The web is on the cusp of massive change: By 2020, the number of global internet users is expected to quadruple to 4 billion, and most of these new users will come online using multiple devices. Additionally, existing usage will move significantly from the monolithic computer to mobile, as smart phones, tablets, smart TVs, and who knows what other devices further permeate both work and home life.
As the online population booms and usage becomes more and more fragmented across multiple devices, the key question is: How will all this multi-device traffic be monetized?
Chris Dixon recently blogged that most mobile apps currently fit into one of four categories:
• Time Wasters, such as Angry Birds and Plants vs. Zombies, primarily provide entertainment value.
• Core Utilities are those apps on the home screen of your phone, e.g., camera, phone, contacts, texting, calendar.
• Episodic Utilities, such as OpenTable, Uber and Hipmunk, are extremely useful in certain situations. Sometimes, I’m in the mood to find a new Thai restaurant. Sometimes, I want to know the score of specific baseball game.
• Notification-Driven Apps do just that – notify you. Notifications can be scheduled, for example, when something you want to buy goes on sale or when your PS3 is turned on at home.
Broadly speaking, these four categories also happen to describe how the web will be used and monetized in 2020.
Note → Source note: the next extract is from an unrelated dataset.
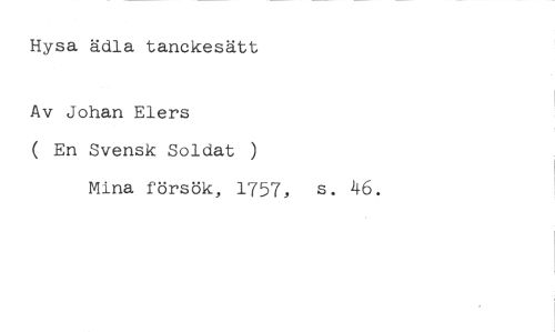 Hysa ädla tanckesätt //// Av Johan Elers //// ( En Svensk Soldat ) //// Mina försök, 1757, s. 46.

• Entertainment will either be monetized by the content itself (e.g., paying for a game, or for a subscription to watch a show), and/or by advertising that will be broadcast in nature. Social ads on Facebook may not drive response as much as other online channels, but Facebook’s wide reach and high traffic will make it a natural venue for brand-awareness campaigns (e.g., opening night for a blockbuster movie).
• Core usage will be sold as stand-alone apps or subscription services (e.g., your monthly cell phone plan). Few people want to be advertised to while they are using a device for core usage.
• Episodic usage will mostly be monetized by advertising, which will be more targeted in nature (as opposed to broadcast). I use the term “advertising” broadly — e.g., restaurants that take reservations via the OpenTable app are essentially advertising on a per reservation basis.
• Notifications will be monetized via a combination of advertising, subscriptions and freemiums — all depending on the nature of the notification. Personal productivity notifications — like the app that reminds you to take a break every hour — will probably be free and most likely show ads with the option to upgrade to ad-free. Notifications that are based on some sort of purchase intent — like sale alerts — will be monetized by advertising. Apps that provide an ongoing service — like the app that notifies you when your PS3 at home is turned on — will either be purchased outright or be subscribed to on a monthly basis.
So, outside of entertainment and core usage, the bulk of the web will still be monetized the way it is today — via advertising.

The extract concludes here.